Internal Organization
Data protection must of course reach those where data processing regularly takes place, namely your employees. Here you are required to sensitize your employees accordingly and create guidelines for handling personal data. This begins with training, which you can do online with the provider Iversity [1], for example . In addition, you must determine who is internally responsible in the event of a request for information or deletion. The question of what to do in the event of a data breach should also be clarified internally and set out in writing. The relevant websites of the supervisory authorities are helpful here, as they already provide quite useful templates. For example, the Bavarian State Office for Data Protection Supervision [2] or the Baden-Württemberg Supervisory Authority [3] .

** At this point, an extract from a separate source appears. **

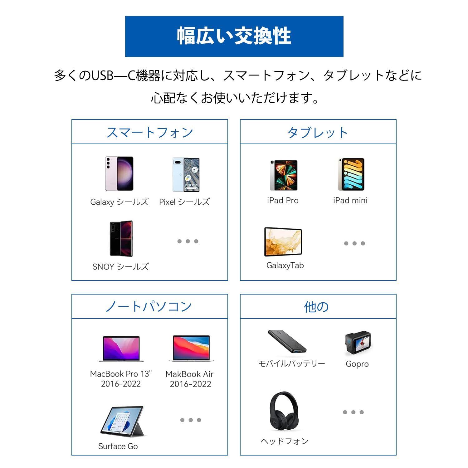【幅広い対応性】USB-Cに対応したスマートホン、ゲーム機、パソコン及びその他のデジタル端末に対応します。MacBook Pro 14" 2021、MacBook Pro 16"、MacBook Pro 15.4"、MacBook Pro 13.3"、MacBook Air 2018-2020、MacBook 2015-2017、iPad Pro 2018-2020、iMac(2020)/iMac Pro/Mac mini(2018)、Surface、Switch、Xperia、Galaxy、Pixel等Type C機種対応。

If your company employs more than 10 people, you guatemala number dataset are still required to appoint a data protection officer. The contact details of the data protection officer must - and this is new - be published both in your data protection information and to the supervisory authority responsible for you. The role of data protection officer can be performed by an internal employee (caution: members of the management and senior management level may not be named) or by external service providers.
Conclusion
The issue of data protection has not become any easier with the GDPR. However, due to the enormous increase in liability risks, you cannot neglect the issue. If you have implemented the data protection basics listed above, you have already met the essential requirements of the GDPR and can then concentrate on your business again.
David Oberbeck
David Oberbeck is a lawyer and managing director of Herting Oberbeck Datenschutz GmbH in Hamburg. The focus of his work as a lawyer is on data protection, competition and IT law. In addition, he also acts as an external data protection officer for various companies in the IT industry. Mr. Oberbeck gives lectures and seminars on the EU General Data Protection Regulation and its practical implications. As an author of the specialist journal »Datenschutz-Berater«, he also regularly publishes specialist articles on current developments in case law on data protection. Since 2018, he has been a member of the team of authors of the Auernhammer DSGVO/BDSG practical commentary.